__Task prompt__:
The lines in the listing below are to be given again exactly, starting at the line holding "This combination of" and ending at the line holding "посвятил Марии Раевской". Do not include pictures.

__Excerpted records__:
++++++++++++++++++++

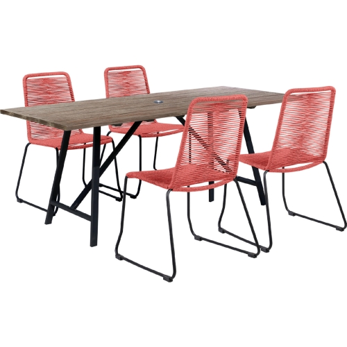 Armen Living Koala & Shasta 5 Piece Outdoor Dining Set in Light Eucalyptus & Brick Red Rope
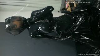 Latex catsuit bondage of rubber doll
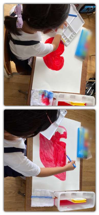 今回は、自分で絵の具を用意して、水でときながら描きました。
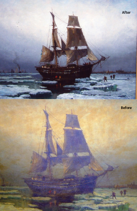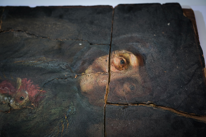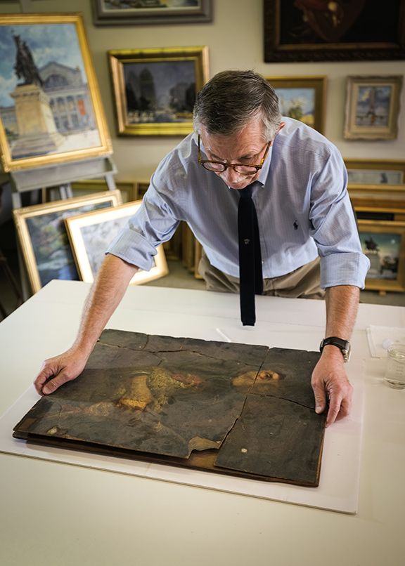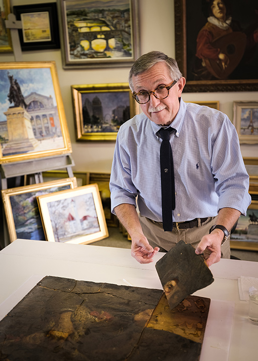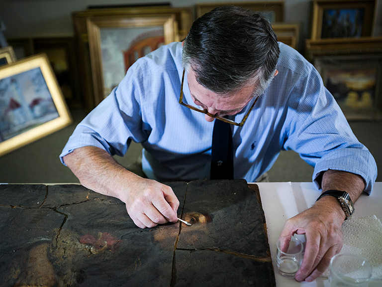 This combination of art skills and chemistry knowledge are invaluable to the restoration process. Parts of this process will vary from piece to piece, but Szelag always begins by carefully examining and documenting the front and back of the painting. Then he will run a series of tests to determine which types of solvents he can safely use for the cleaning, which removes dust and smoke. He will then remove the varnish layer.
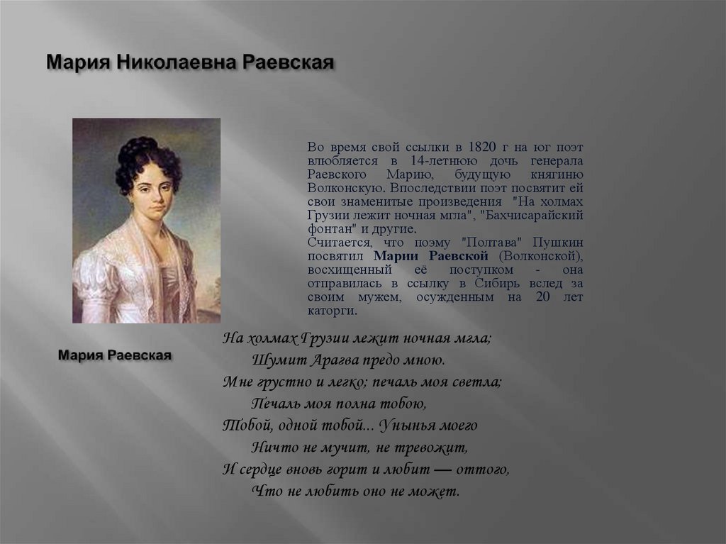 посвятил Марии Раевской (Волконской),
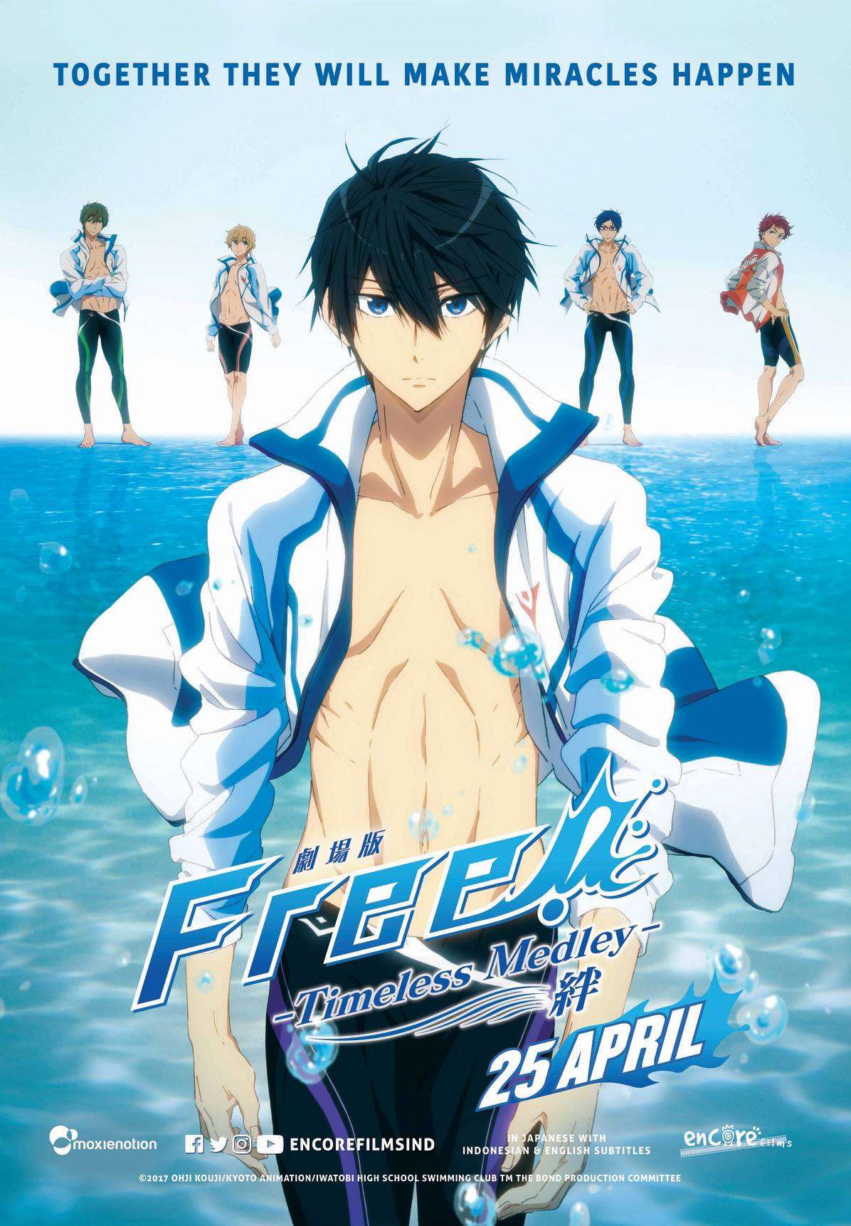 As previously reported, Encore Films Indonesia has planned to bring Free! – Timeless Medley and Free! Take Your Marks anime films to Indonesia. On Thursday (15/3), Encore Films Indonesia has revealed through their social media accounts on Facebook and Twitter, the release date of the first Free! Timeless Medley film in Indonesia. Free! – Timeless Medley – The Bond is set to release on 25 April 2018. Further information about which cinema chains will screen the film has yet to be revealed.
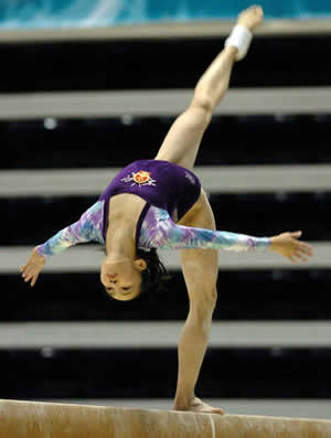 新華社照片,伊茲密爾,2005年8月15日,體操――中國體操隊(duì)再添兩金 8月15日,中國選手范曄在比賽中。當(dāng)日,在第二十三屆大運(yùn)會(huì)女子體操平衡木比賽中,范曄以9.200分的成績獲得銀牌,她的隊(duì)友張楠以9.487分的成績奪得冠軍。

++++++++++++++++++++

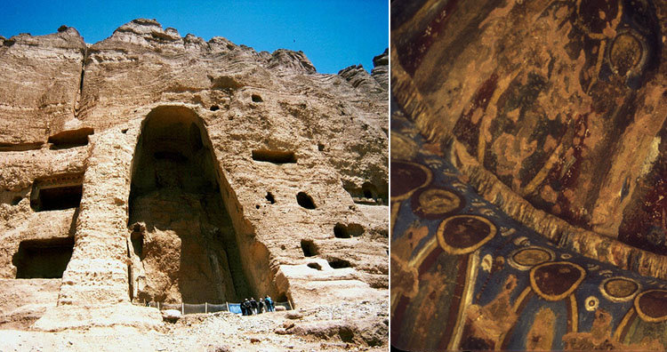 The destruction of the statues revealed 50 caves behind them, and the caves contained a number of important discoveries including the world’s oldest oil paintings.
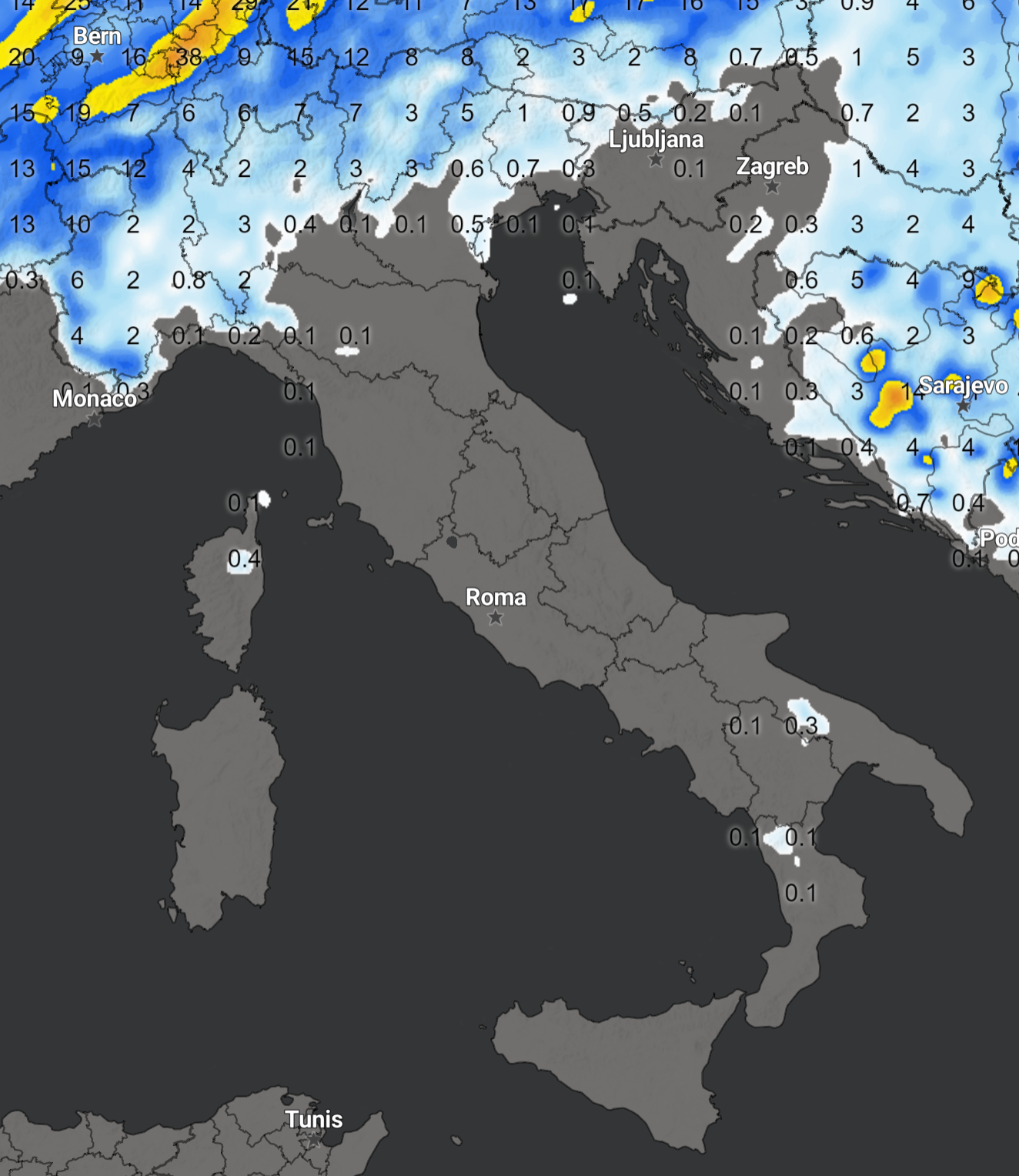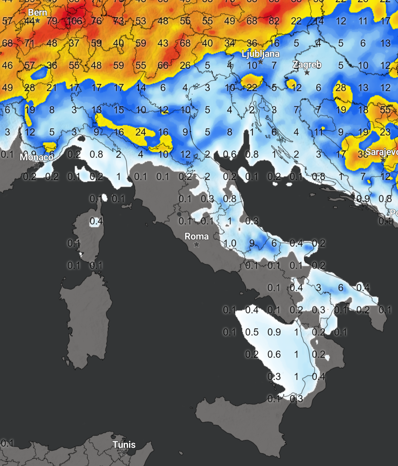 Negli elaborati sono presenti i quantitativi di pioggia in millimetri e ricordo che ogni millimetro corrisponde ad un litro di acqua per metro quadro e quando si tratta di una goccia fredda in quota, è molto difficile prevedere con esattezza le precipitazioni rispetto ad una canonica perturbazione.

++++++++++++++++++++

__Solution to the exercise__:
 This combination of art skills and chemistry knowledge are invaluable to the restoration process. Parts of this process will vary from piece to piece, but Szelag always begins by carefully examining and documenting the front and back of the painting. Then he will run a series of tests to determine which types of solvents he can safely use for the cleaning, which removes dust and smoke. He will then remove the varnish layer.
 посвятил Марии Раевской (Волконской),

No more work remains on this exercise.